■ WHAT THE TASK REQUIRES ■
Set every record down again exactly. Do not carry over the pictures.

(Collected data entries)
++++++++

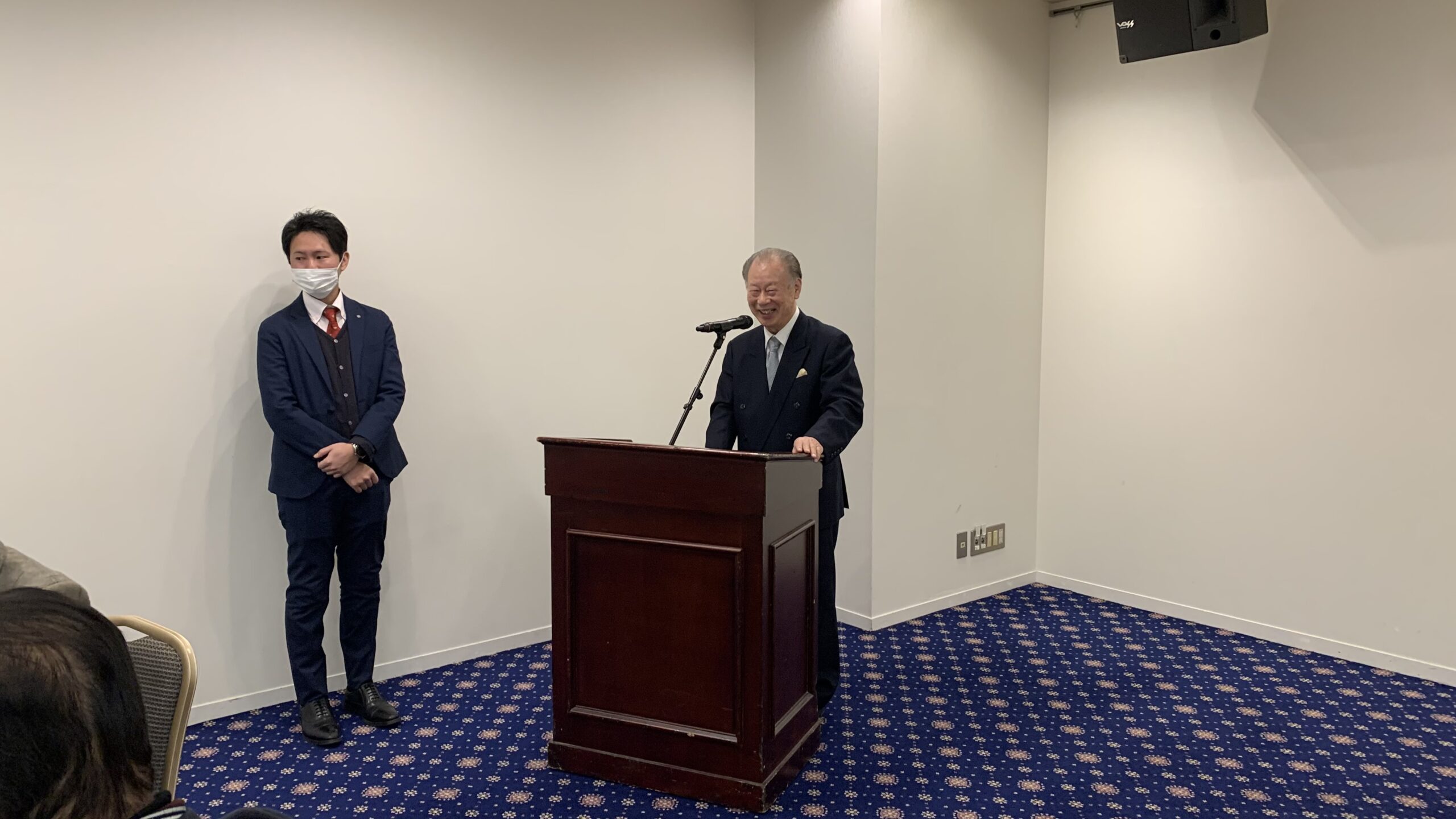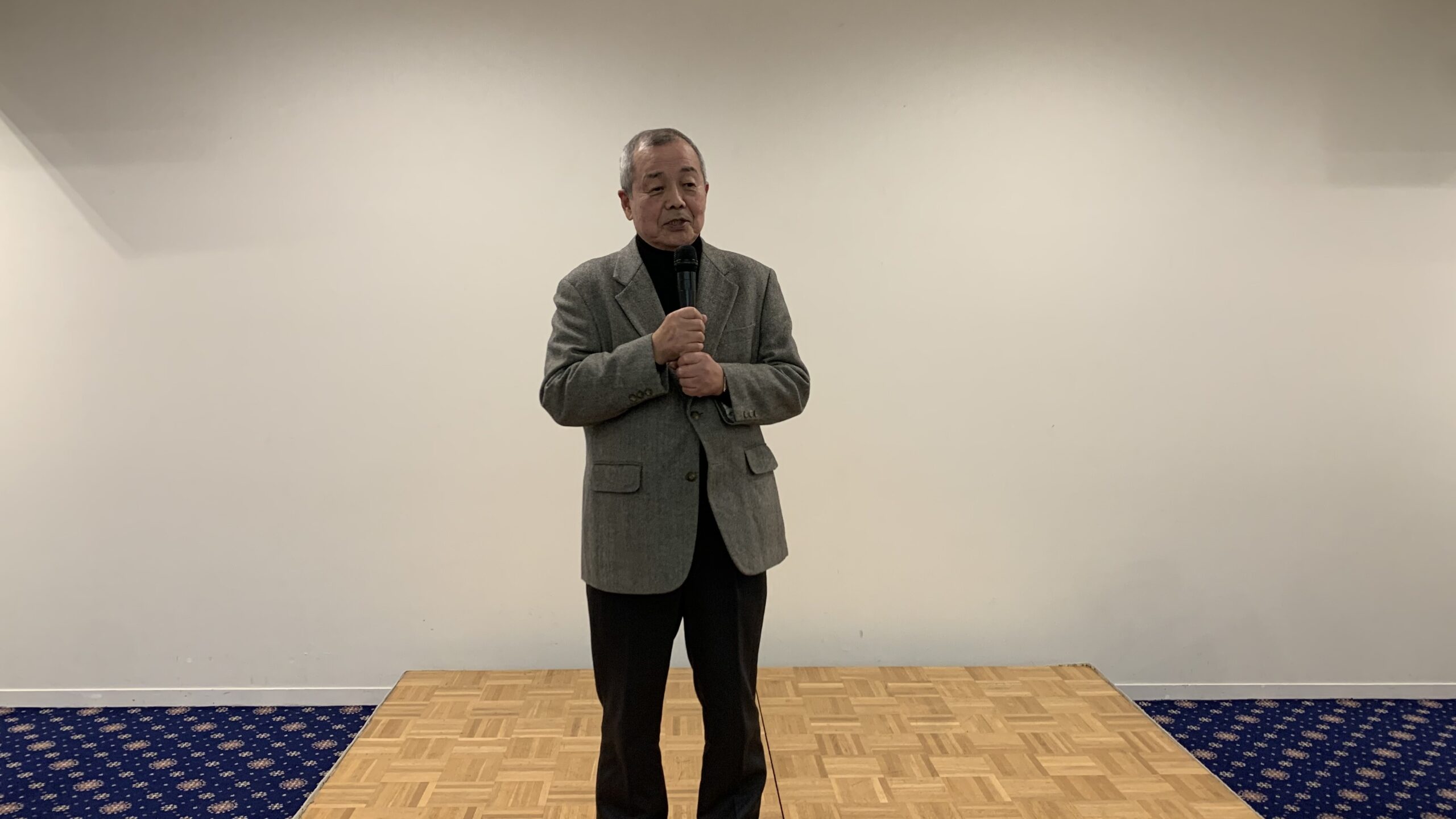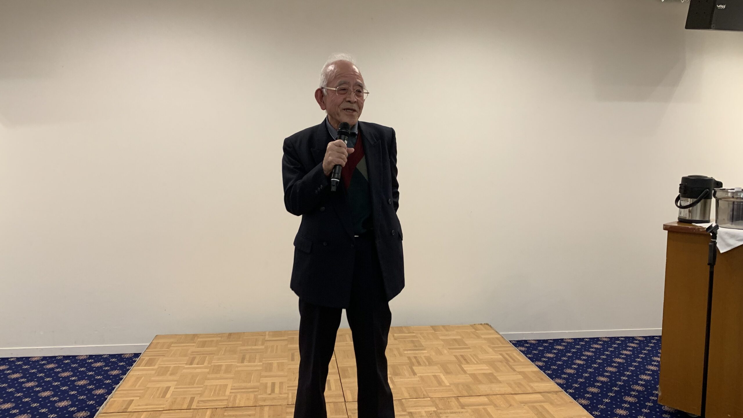 開会に先立ち、松大会会長の中本巌先輩より、「ゴルフが上り調子で80を切れるのではないかという思いも出てきた。」と元気な近況についてご挨拶をいただきました。また、新たな趣味も模索されており、ギターが良いか、書道が良いか、参加者の皆さまに問いかける場面もあり、いつまでも若々しい中本先輩です。
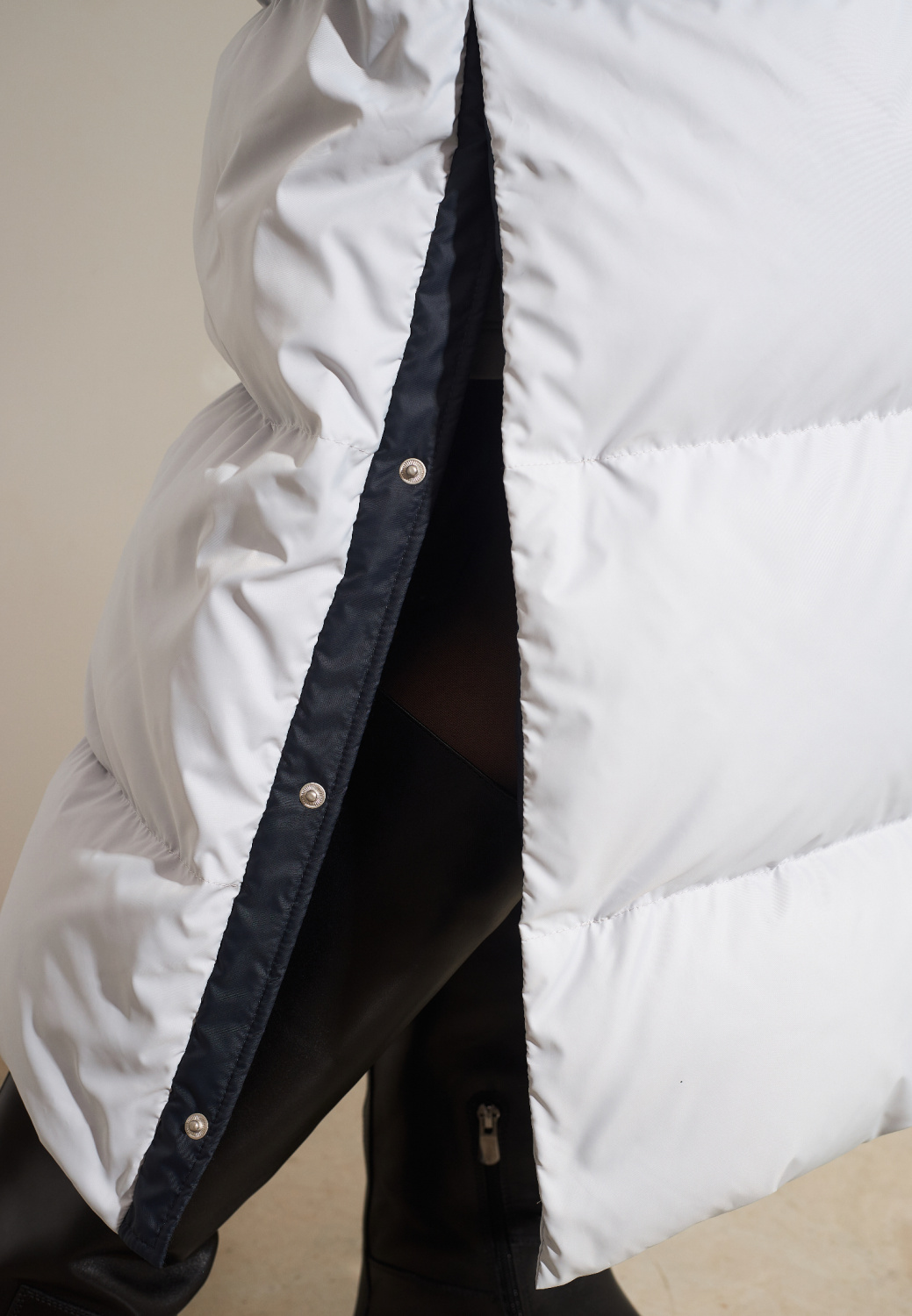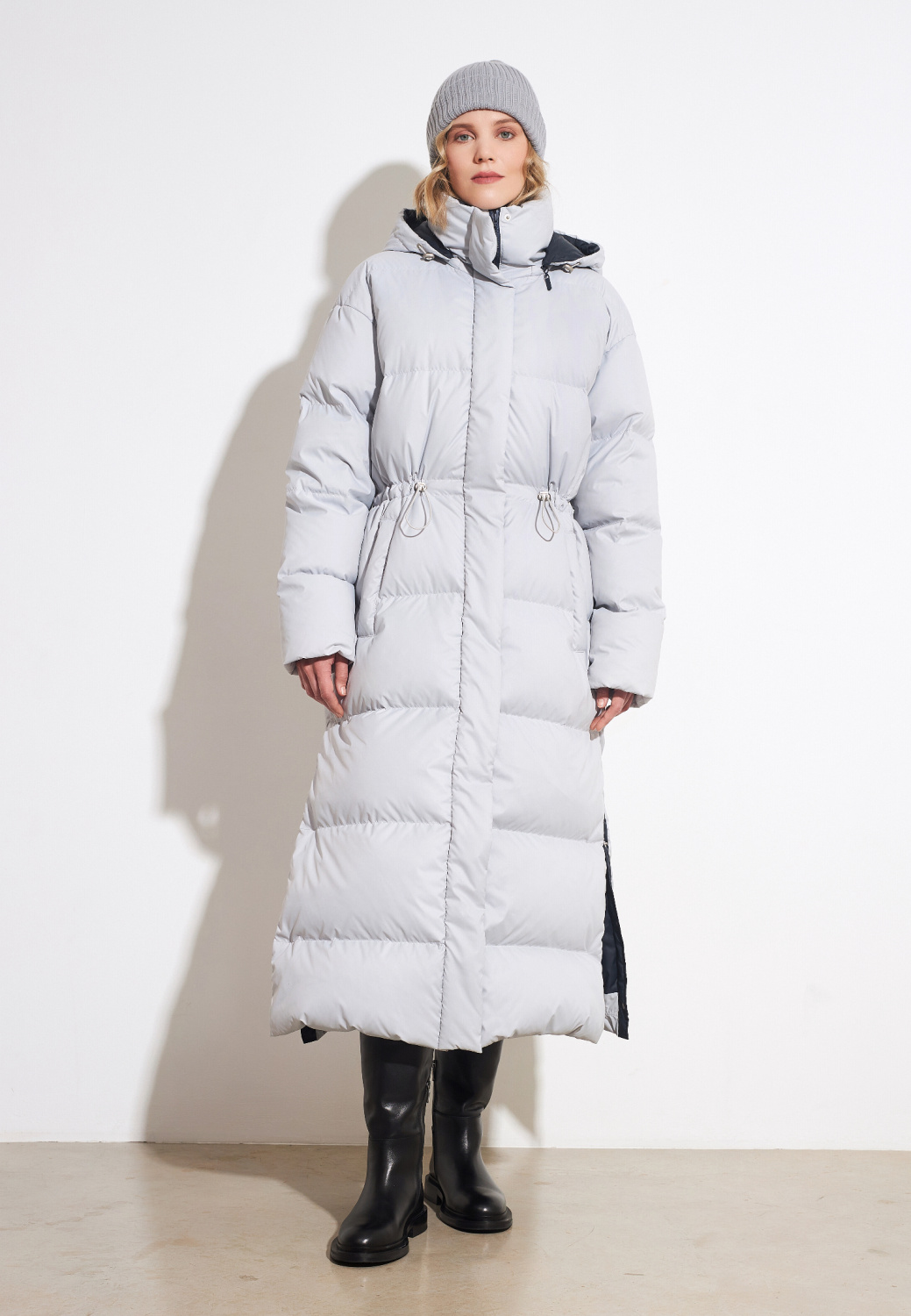 Длинный женский пуховик с горизонтальной стёжкой - базовая вещь в зимнем гардеробе. Контрастная внутренняя отделка делает изделие практичным в носке. Воротник стойка надежно закрывает шею, а кулиса на талии позволяет варьировать силуэт от прямого до более женственного. Пуховик имеет натуральный наполнитель из гусиного пуха, распределенного в специальные пакеты, защищающие наполнитель от миграции.
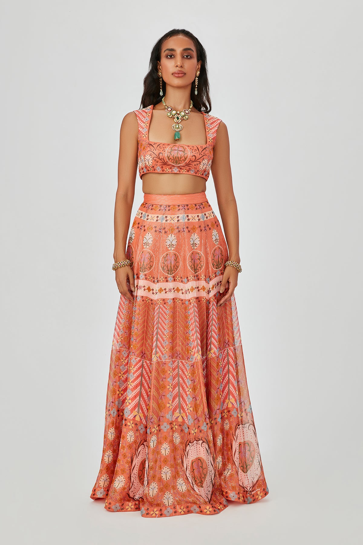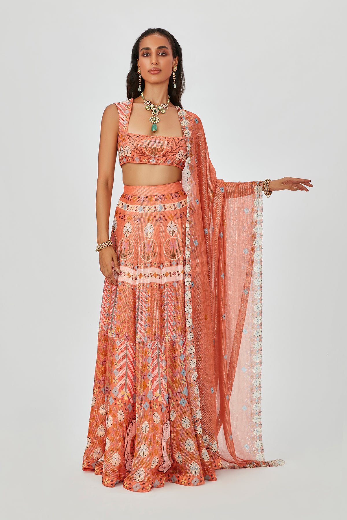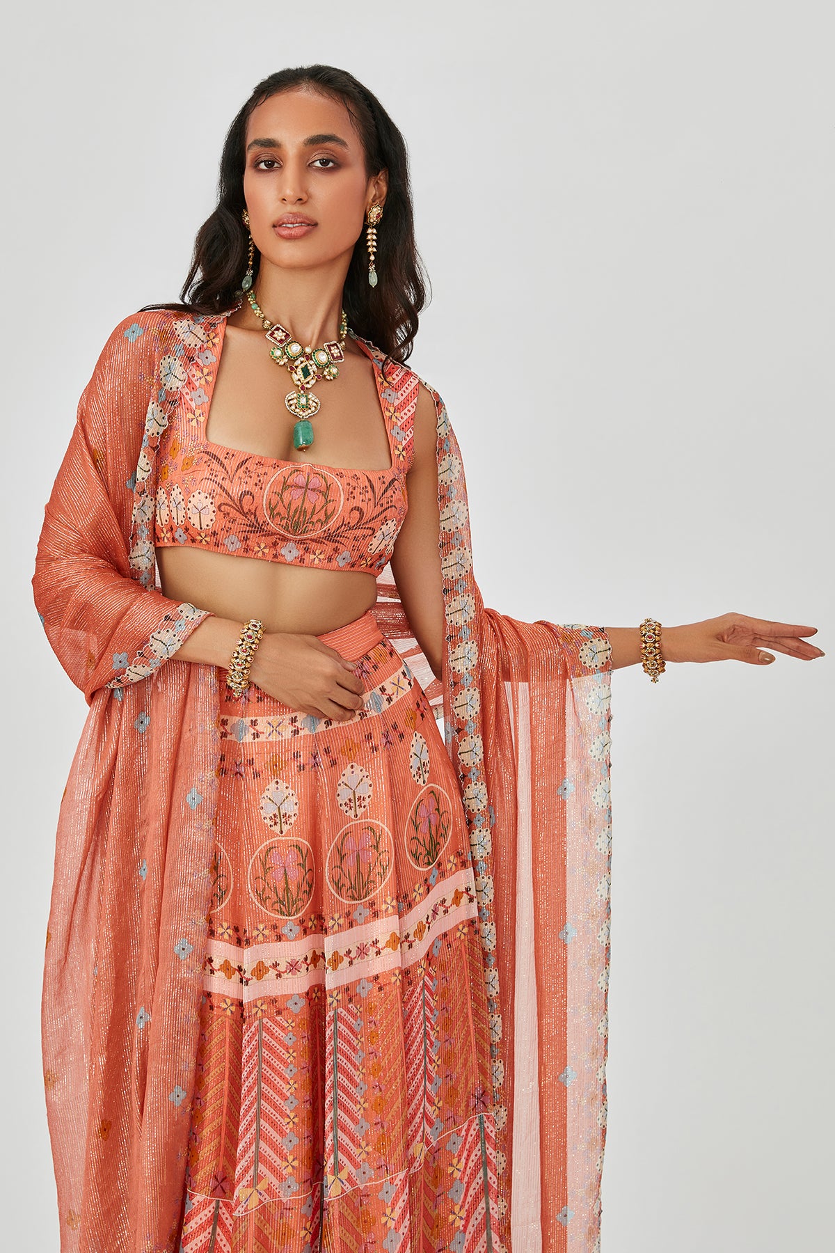 Multicolored printed gold-silver line dobby light georgette lehenga, sleeveless blouse, and dupatta.
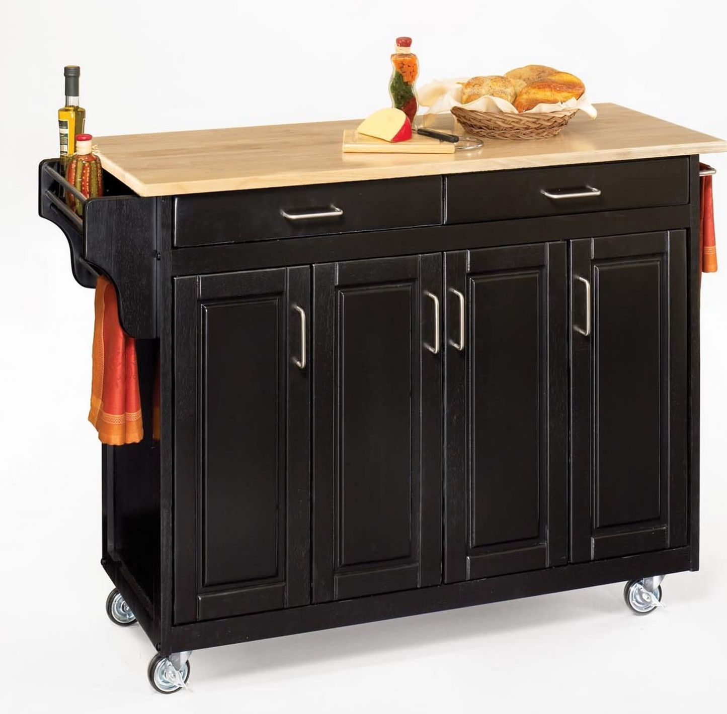 Create cabinet and counter space in an instant with the large Create-A-Cart Kitchen Cart by homestyles. This portable kitchen cart is constructed of solid sustainable hardwood with a durable veneer back and drawers. It has a beautiful black finish and wood top.Read More
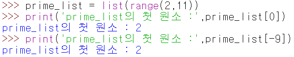 1. 2부터 10까지의 수중에서 소수를 원소로 가지는 prime_list라는 리스트를 생성해라. 그리고 이 리스트의 가정 첫 원소를 리스트 인덱싱을 이용하여 다음과 같이 출력하여라.
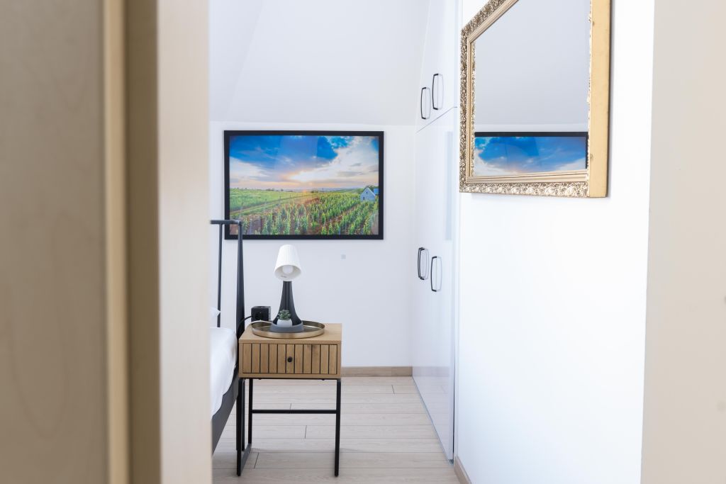 Egyik fürdőszobában walk-in zuhanyzó, a másikban sarokkád található. Továbbá hajszárító, világító kozmetikai tükör, vasaló került elhelyezésre. A szobákban okostv található.
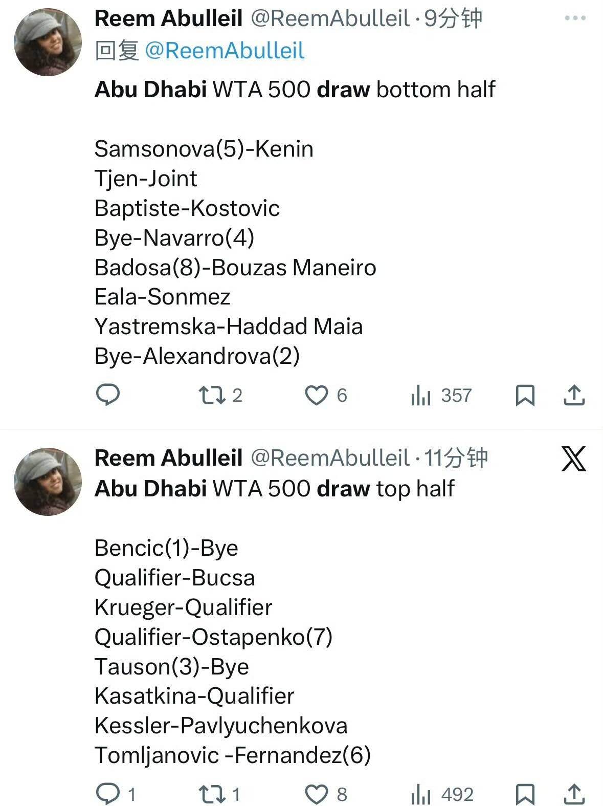 退赛消息传出后,WTA阿布扎比站的签表进行了调整。随着郑钦文的退出,以及新科澳网冠军莱巴金娜因需休整同样退出本站赛事,卫冕冠军本西奇成为赛事的头号种子。
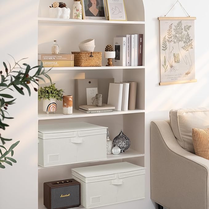 GRANNY SAYS Fabric Storage Bin with Lid, Decorative Storage Boxes, Basket for Shelves, Closet Storage Bins, Large Storage Bins for Clothing, Jumbo, Ivory, 2-Pack
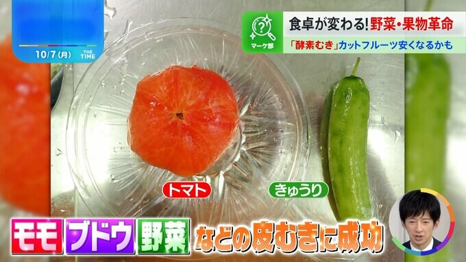 苦戦したのは皮が水をはじくブドウやモモで、フルーツごとに酵素の濃度を少しずつ変えて実験を繰り返し、今ではトマトやキュウリなどの野菜まで酵素で皮をむくことに成功!2024年1月には特許も取得しました。
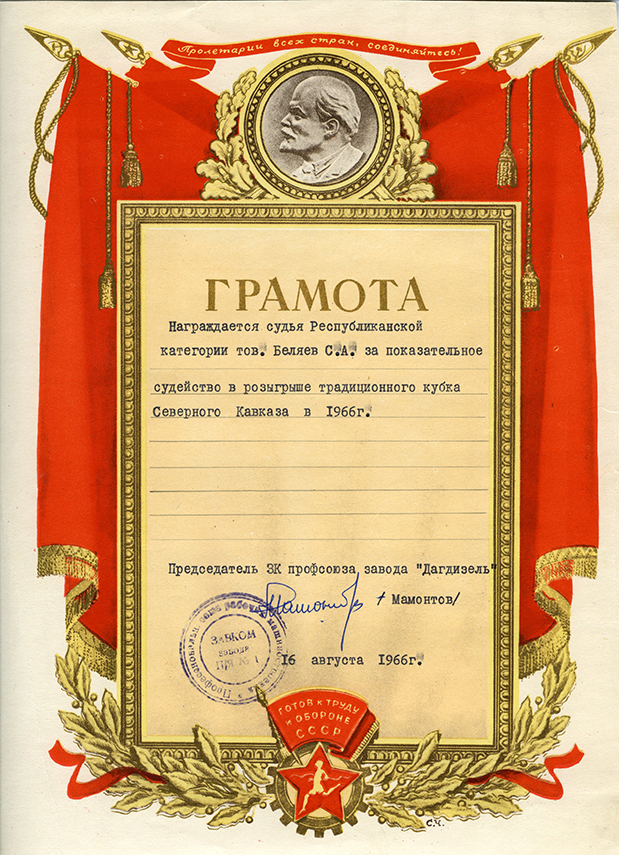 Грамоты от Профсоюзной организации завода «Дагдизель» и Совета Союза спортивных обществ и организаций города Каспийска. (16.08.1966)

++++++++

■ YOUR SOLUTION ■
 開会に先立ち、松大会会長の中本巌先輩より、「ゴルフが上り調子で80を切れるのではないかという思いも出てきた。」と元気な近況についてご挨拶をいただきました。また、新たな趣味も模索されており、ギターが良いか、書道が良いか、参加者の皆さまに問いかける場面もあり、いつまでも若々しい中本先輩です。
 Длинный женский пуховик с горизонтальной стёжкой - базовая вещь в зимнем гардеробе. Контрастная внутренняя отделка делает изделие практичным в носке. Воротник стойка надежно закрывает шею, а кулиса на талии позволяет варьировать силуэт от прямого до более женственного. Пуховик имеет натуральный наполнитель из гусиного пуха, распределенного в специальные пакеты, защищающие наполнитель от миграции.
 Multicolored printed gold-silver line dobby light georgette lehenga, sleeveless blouse, and dupatta.
 Create cabinet and counter space in an instant with the large Create-A-Cart Kitchen Cart by homestyles. This portable kitchen cart is constructed of solid sustainable hardwood with a durable veneer back and drawers. It has a beautiful black finish and wood top.Read More
 1. 2부터 10까지의 수중에서 소수를 원소로 가지는 prime_list라는 리스트를 생성해라. 그리고 이 리스트의 가정 첫 원소를 리스트 인덱싱을 이용하여 다음과 같이 출력하여라.
 Egyik fürdőszobában walk-in zuhanyzó, a másikban sarokkád található. Továbbá hajszárító, világító kozmetikai tükör, vasaló került elhelyezésre. A szobákban okostv található.
 退赛消息传出后,WTA阿布扎比站的签表进行了调整。随着郑钦文的退出,以及新科澳网冠军莱巴金娜因需休整同样退出本站赛事,卫冕冠军本西奇成为赛事的头号种子。
 GRANNY SAYS Fabric Storage Bin with Lid, Decorative Storage Boxes, Basket for Shelves, Closet Storage Bins, Large Storage Bins for Clothing, Jumbo, Ivory, 2-Pack
 苦戦したのは皮が水をはじくブドウやモモで、フルーツごとに酵素の濃度を少しずつ変えて実験を繰り返し、今ではトマトやキュウリなどの野菜まで酵素で皮をむくことに成功!2024年1月には特許も取得しました。
 Грамоты от Профсоюзной организации завода «Дагдизель» и Совета Союза спортивных обществ и организаций города Каспийска. (16.08.1966)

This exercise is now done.